Dietary cholesterol consumption and intestinal cholesterol absorption contribute to plasma cholesterol levels, a risk factor for coronary heart disease. The molecular mechanism of sterol uptake from the lumen of the small intestine is poorly defined. We show that Niemann-Pick C1 Like 1(NPC1L1) protein plays a critical role in the absorption of intestinal cholesterol. NPC1L1 expression is enriched in the small intestine and is in the brush border membrane of enterocytes. Although otherwise phenotypically normal, NPC1L1-deficient mice exhibit a substantial reduction in absorbed cholesterol, which is unaffected by dietary supplementation of bile acids. Ezetimibe, a drug that inhibits cholesterol absorption, had no effect in NPC1L1 knockout mice, suggesting that NPC1L1 resides in an ezetimibe-sensitive pathway responsible for intestinal cholesterol absorption.

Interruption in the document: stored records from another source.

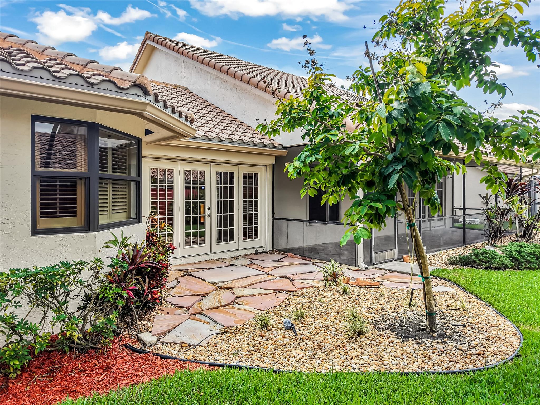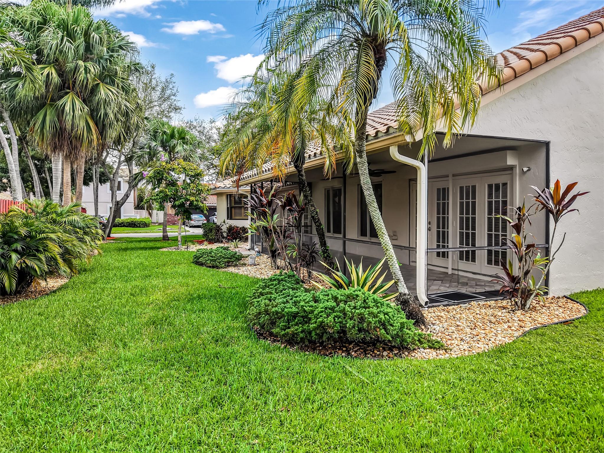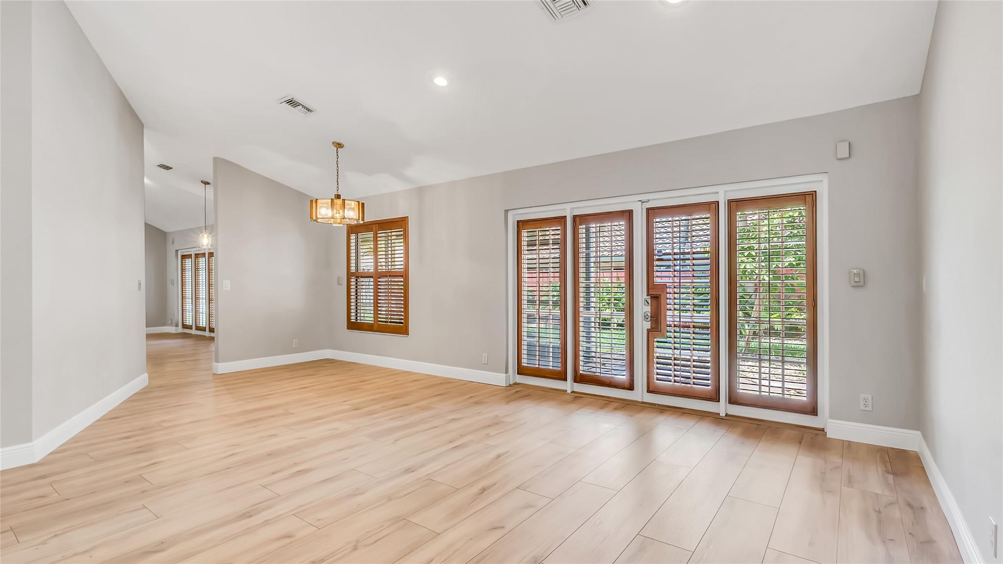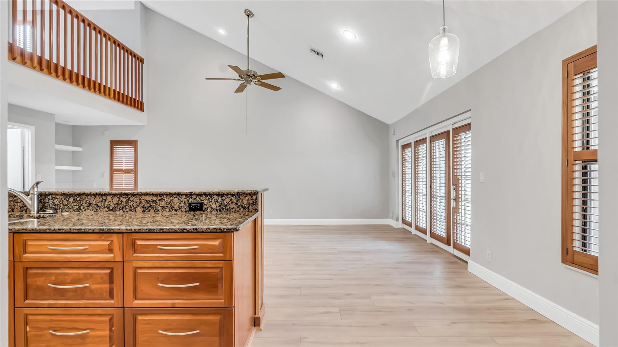 Beautifully updated corner lot home, soaring ceilings, smart, functional layout! 2025 improvements include fresh interior/exterior paint, popcorn ceiling removed & upgraded laminate flooring throughout. First-floor primary suite features: walk-in closet, roman tub, stall shower, quartz vanity, private office/den w/wood floors, built-ins & impact windows Additional downstairs bedroom & full bath; 2 more bedrooms upstairs w/renovated full bath. Kitchen offers granite counters, wood cabinets, pantry pull-outs, under/upper cabinet lighting & abundant recessed lighting. Family room w/dry bar w/quartz counters, inside laundry room & Plantation shutters throughout. Whole-house 22KW propane generator, 2022 A/C, electric rolldown shutters, alarm system w/cameras, lush landscaping complete this home
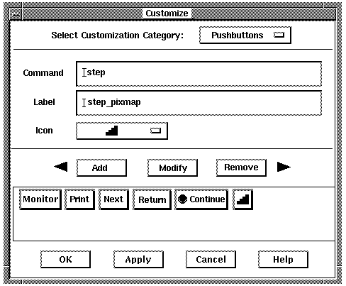 • Modify, add, remove, or resequence push buttons and the associated debugger command.
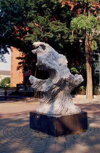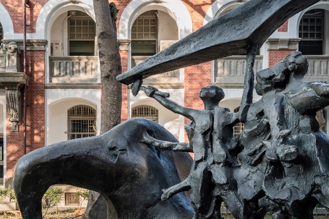 作品表現兩人對招,同時出手飛躍騰空,呈現攻勢,攻中有守,極具動感。在動中求平衡,呈現出來的氣勢與神韻,以及量塊與線條之間的造型美感,兩座雕像互相呼應;由內而外表達「大開大合」、「吞吐洪荒」的生命力,與成大人不斷在學術上切磋砥礪的精神不謀而合。
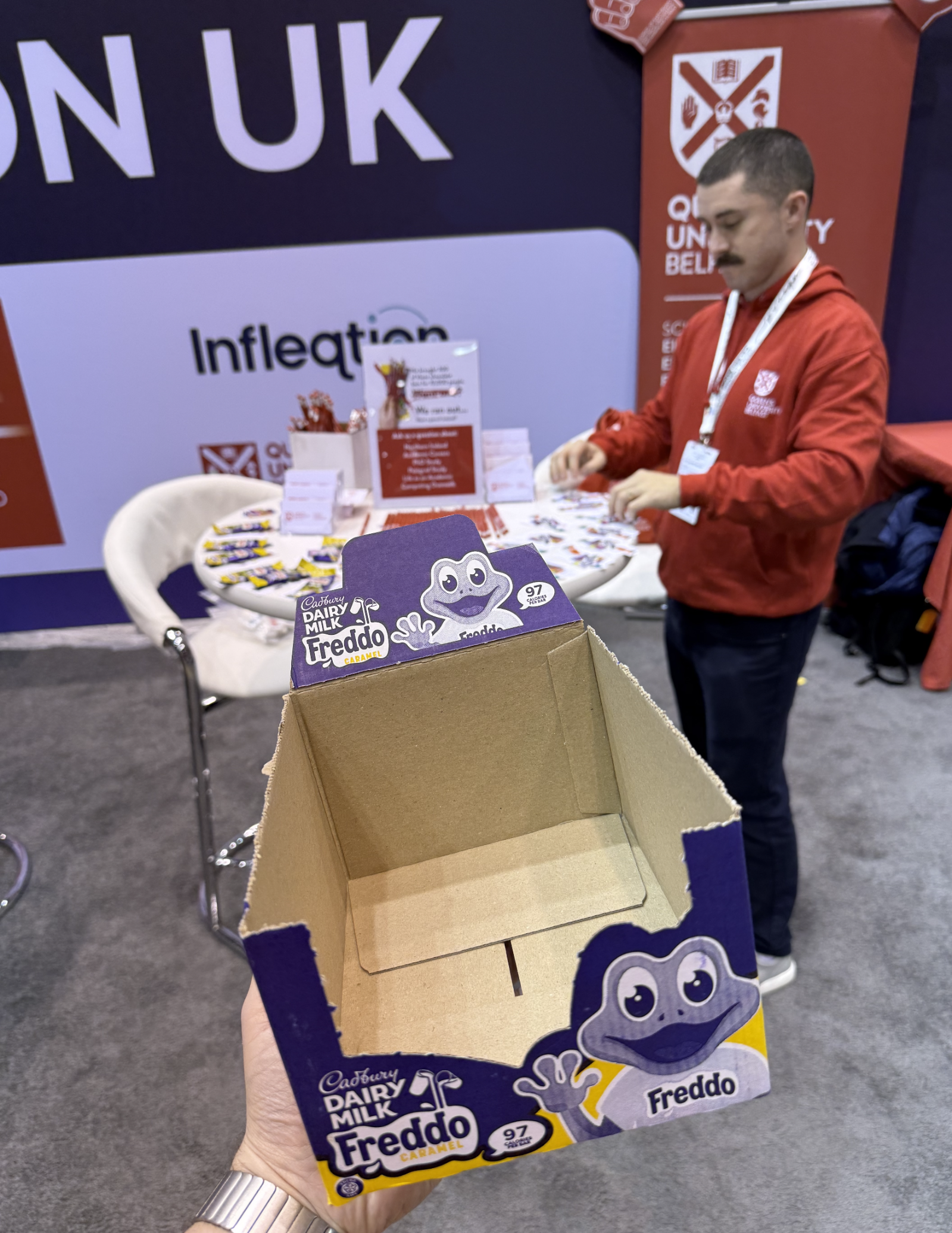 To share a little something of home, we brought along 300 caramel Freddos, which quickly became a talking point in the conference. We are definitely biased, but it was the best chocolate in North America. Alongside the chocolate, we handed out stickers featuring artwork by local artists Jacky Sheridan and David J. McMillan, whose larger form artworks are proudly on display in our Ashby Building in Belfast. These small touches helped us stand out and created a fun way to connect with people from all over the world.
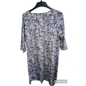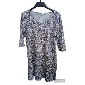 J.Jill Pure Jill Dress Empire Waist Abstract Gray Print 3/4 Sleeve Size Large
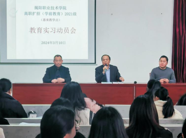 3月10日上午,系主任黄英铭和卢潮辉老师到惠来教师发展中心教学点开展教学工作交流,召开实习动员会议,受到该中心负责人的热烈欢迎。实习动员会上,黄主任作了动员讲话。首先,他对实习工作的重要性做了强调,要求教学点要提高站位,严格贯彻落实国家关于实习工作的指导性意见,严格执行学校实习工作部署和本系具体工作安排,认真按照有关规定切实布置落实学生开展实习工作,要将各项注意事项传达到每一位实习学生,加强实习巡视和全过程管理,确保实习工作的顺利进行。要及时解决所指导学生实习过程中存在的各类问题,为学生顺利完成实习任务提供保障。
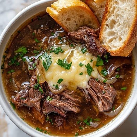 Here’s a rich, comforting French Onion Beef Short Rib Soup recipe — deep caramelized onion flavor with tender, fall-off-the-bone beef 🍲🥩🧅
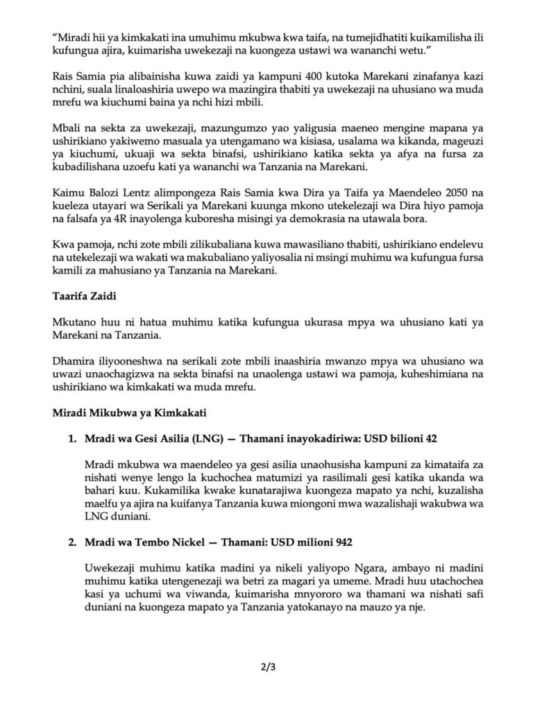 Rais Samia amesisitiza umuhimu wa kuendeleza miradi ya maendeleo inayolenga kuinua uchumi wa wananchi na kuongeza fursa za ajira, huku Balozi Lentz akionyesha msukumo wa Marekani katika kushirikiana na Tanzania kwenye sekta mbalimbali za maendeleo.
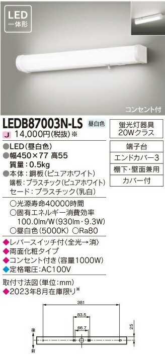 LEDB87003N-LS 東芝ライテック 20タイプ 流し元灯 [LED昼白色][コンセント付][蛍光灯ランプ器具20Wクラス][棚下・壁面兼用][セード・プラスチック・乳白]
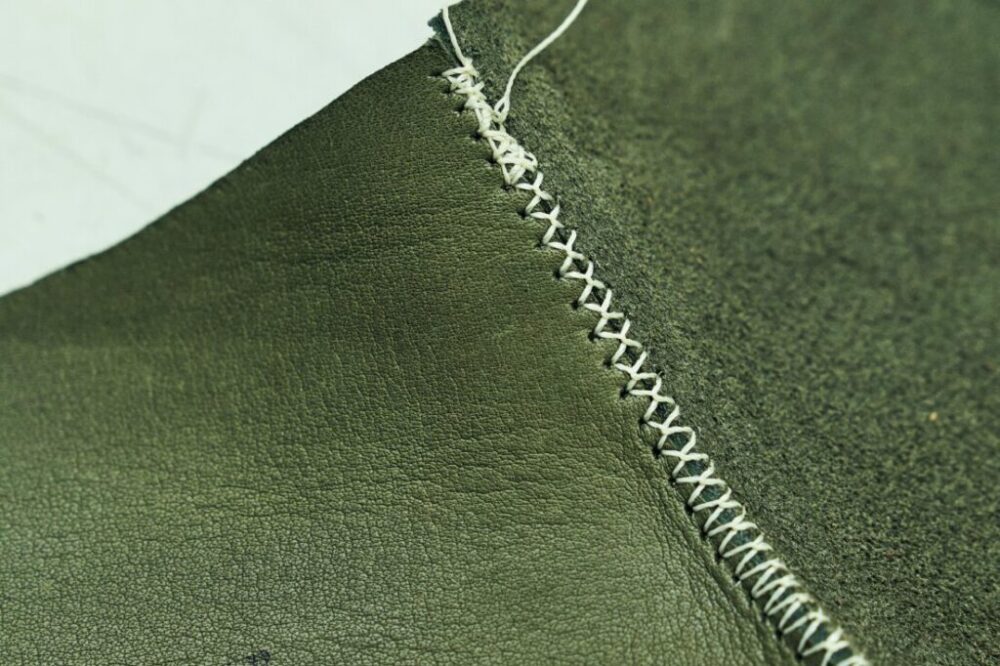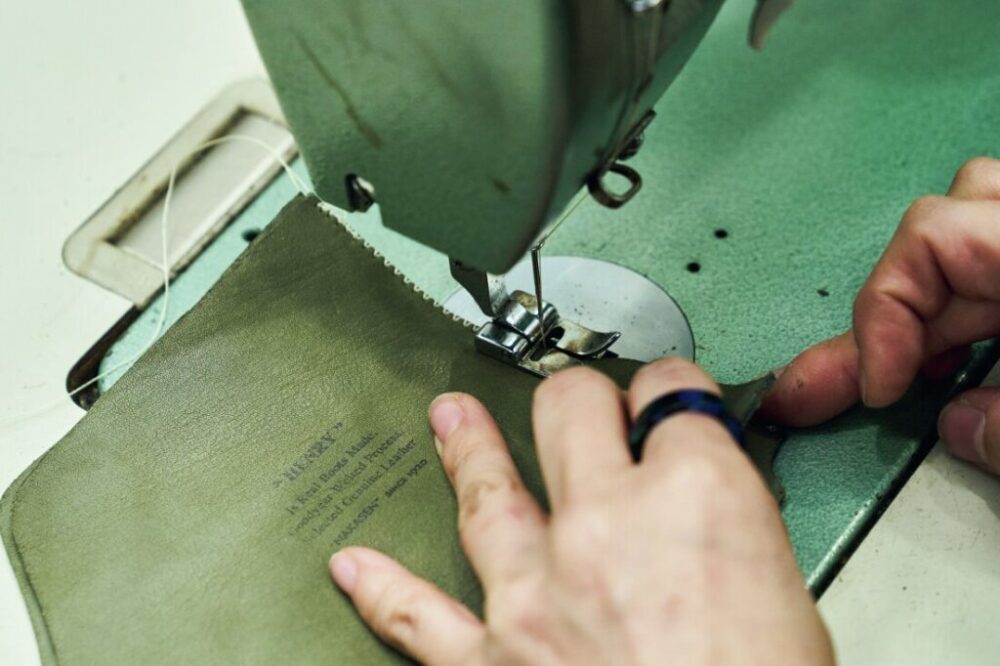 タンニンを多く含んだコシのあるバケッタレザーをポストミシンで縫製していく。モデルによって差異はあるが、基本的に3㎝に12針というピッチで縫っていく。

Niemann-Pick C1 Like 1 (NPC1L1) is the intestinal phytosterol and cholesterol transporter and a key modulator of whole-body cholesterol homeostasis.

Niemann-Pick C1 Like 1 (NPC1L1) is a protein localized in jejunal enterocytes that is critical for intestinal cholesterol absorption. The uptake of intestinal phytosterols and cholesterol into absorptive enterocytes in the intestine is not fully defined on a molecular level, and the role of NPC1L1 in maintaining whole body cholesterol homeostasis is not known. NPC1L1 null mice had substantially reduced intestinal uptake of cholesterol and sitosterol, with dramatically reduced plasma phytosterol levels. The NPC1L1 null mice were completely resistant to diet-induced hypercholesterolemia, with plasma lipoprotein and hepatic cholesterol profiles similar to those of wild type mice treated with the cholesterol absorption inhibitor ezetimibe. Cholesterol/cholate feeding resulted in down-regulation of intestinal NPC1L1 mRNA expression in wild type mice. NPC1L1 deficiency resulted in up-regulation of intestinal hydroxymethylglutaryl-CoA synthase mRNA and an increase in intestinal cholesterol synthesis, down-regulation of ABCA1 mRNA, and no change in ABCG5 and ABCG8 mRNA expression. NPC1L1 is required for intestinal uptake of both cholesterol and phytosterols and plays a major role in cholesterol homeostasis. Thus, NPC1L1 may be a useful drug target for the treatment of hypercholesterolemia and sitosterolemia.